INPUT DATA
____________

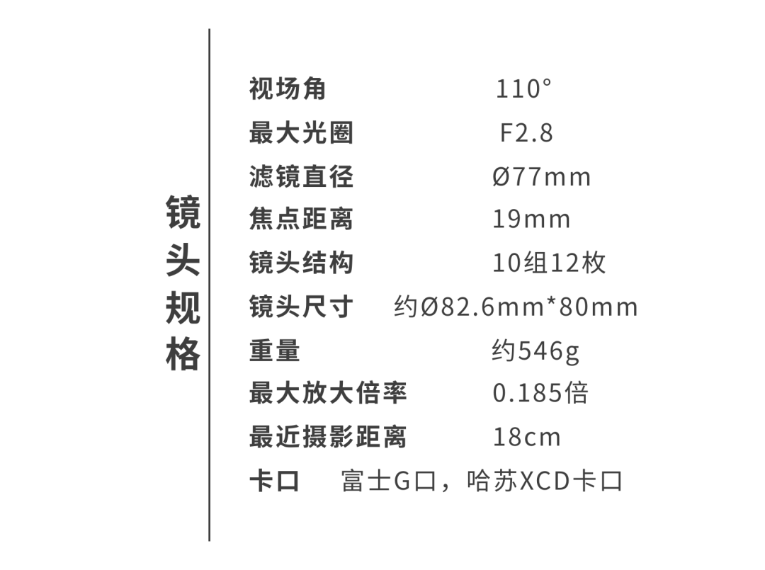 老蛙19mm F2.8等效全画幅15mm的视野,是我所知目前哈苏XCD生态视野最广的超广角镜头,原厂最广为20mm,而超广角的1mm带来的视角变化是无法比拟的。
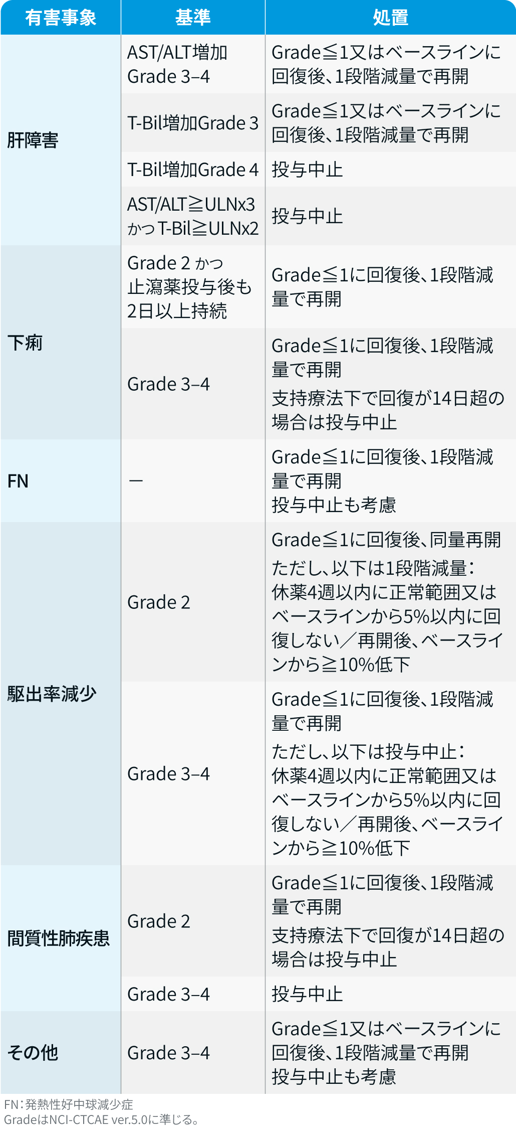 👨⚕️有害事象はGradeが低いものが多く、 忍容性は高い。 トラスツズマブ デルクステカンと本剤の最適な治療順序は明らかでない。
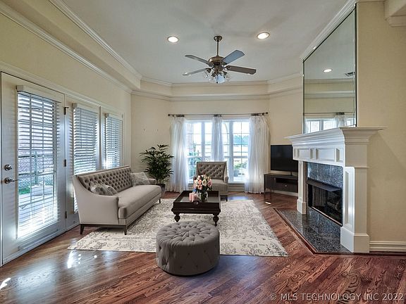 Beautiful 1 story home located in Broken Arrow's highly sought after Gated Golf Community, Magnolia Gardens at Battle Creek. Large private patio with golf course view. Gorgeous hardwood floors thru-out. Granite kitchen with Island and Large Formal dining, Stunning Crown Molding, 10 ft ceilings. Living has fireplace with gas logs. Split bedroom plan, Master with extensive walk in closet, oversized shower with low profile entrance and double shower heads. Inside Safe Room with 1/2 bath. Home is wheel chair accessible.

____________

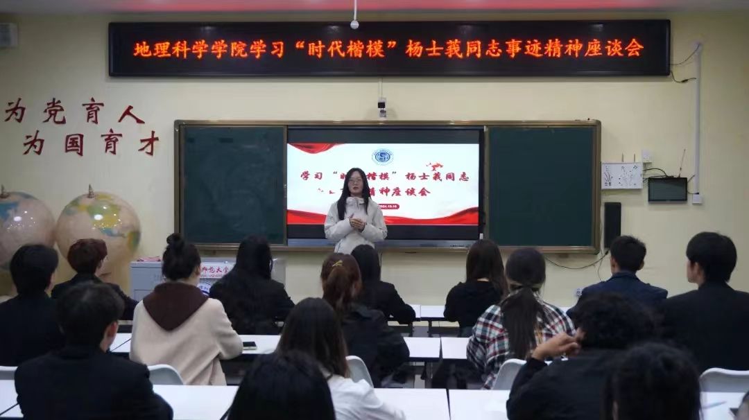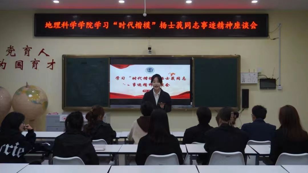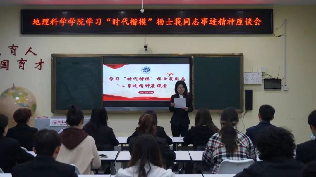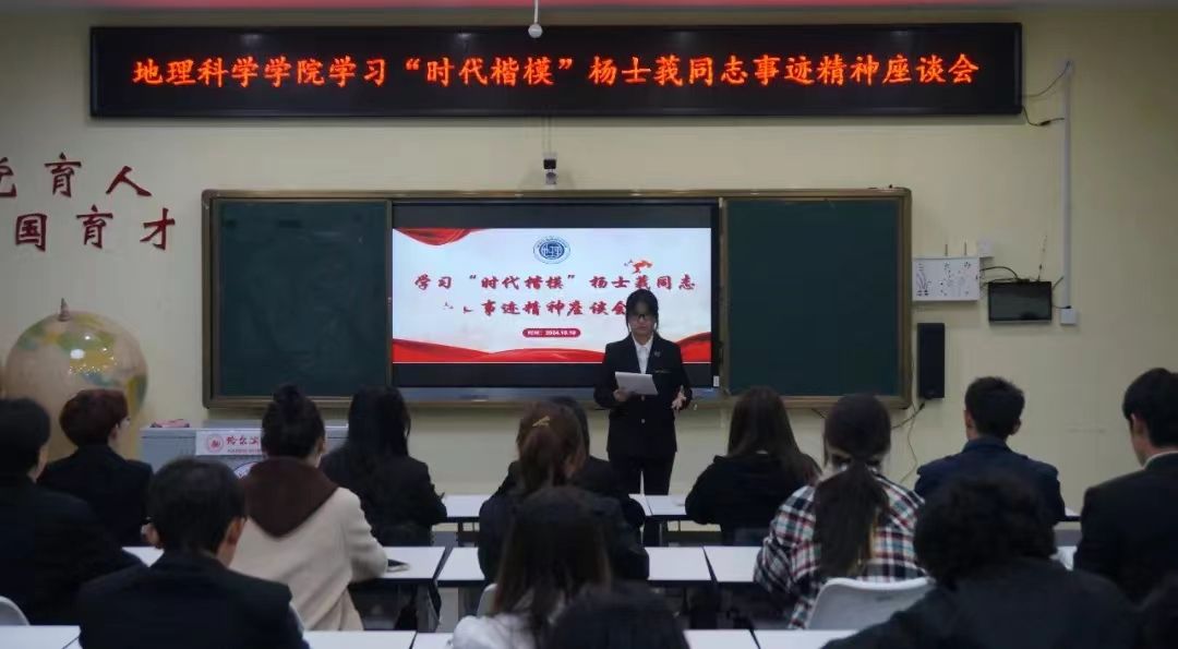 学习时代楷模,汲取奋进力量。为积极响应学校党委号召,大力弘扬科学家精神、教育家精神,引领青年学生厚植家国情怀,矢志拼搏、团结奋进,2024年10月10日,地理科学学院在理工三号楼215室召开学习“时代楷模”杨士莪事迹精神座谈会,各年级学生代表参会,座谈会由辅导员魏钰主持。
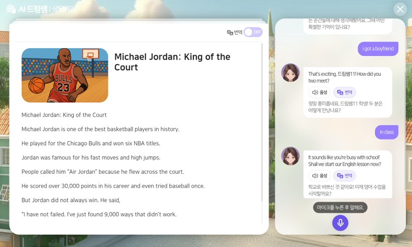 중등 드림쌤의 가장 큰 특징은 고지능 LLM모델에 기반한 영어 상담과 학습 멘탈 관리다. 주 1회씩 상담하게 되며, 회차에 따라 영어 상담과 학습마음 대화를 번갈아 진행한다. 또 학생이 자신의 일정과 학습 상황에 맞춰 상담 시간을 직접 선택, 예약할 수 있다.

____________

ABOUT THIS TASK
In the listing above, the required lines run from the line with "老蛙19mm F2.8等效全" through the line with "Beautiful 1 story". Output exactly those lines, omitting pictures.

RESPONSE AREA
 老蛙19mm F2.8等效全画幅15mm的视野,是我所知目前哈苏XCD生态视野最广的超广角镜头,原厂最广为20mm,而超广角的1mm带来的视角变化是无法比拟的。
 👨⚕️有害事象はGradeが低いものが多く、 忍容性は高い。 トラスツズマブ デルクステカンと本剤の最適な治療順序は明らかでない。
 Beautiful 1 story home located in Broken Arrow's highly sought after Gated Golf Community, Magnolia Gardens at Battle Creek. Large private patio with golf course view. Gorgeous hardwood floors thru-out. Granite kitchen with Island and Large Formal dining, Stunning Crown Molding, 10 ft ceilings. Living has fireplace with gas logs. Split bedroom plan, Master with extensive walk in closet, oversized shower with low profile entrance and double shower heads. Inside Safe Room with 1/2 bath. Home is wheel chair accessible.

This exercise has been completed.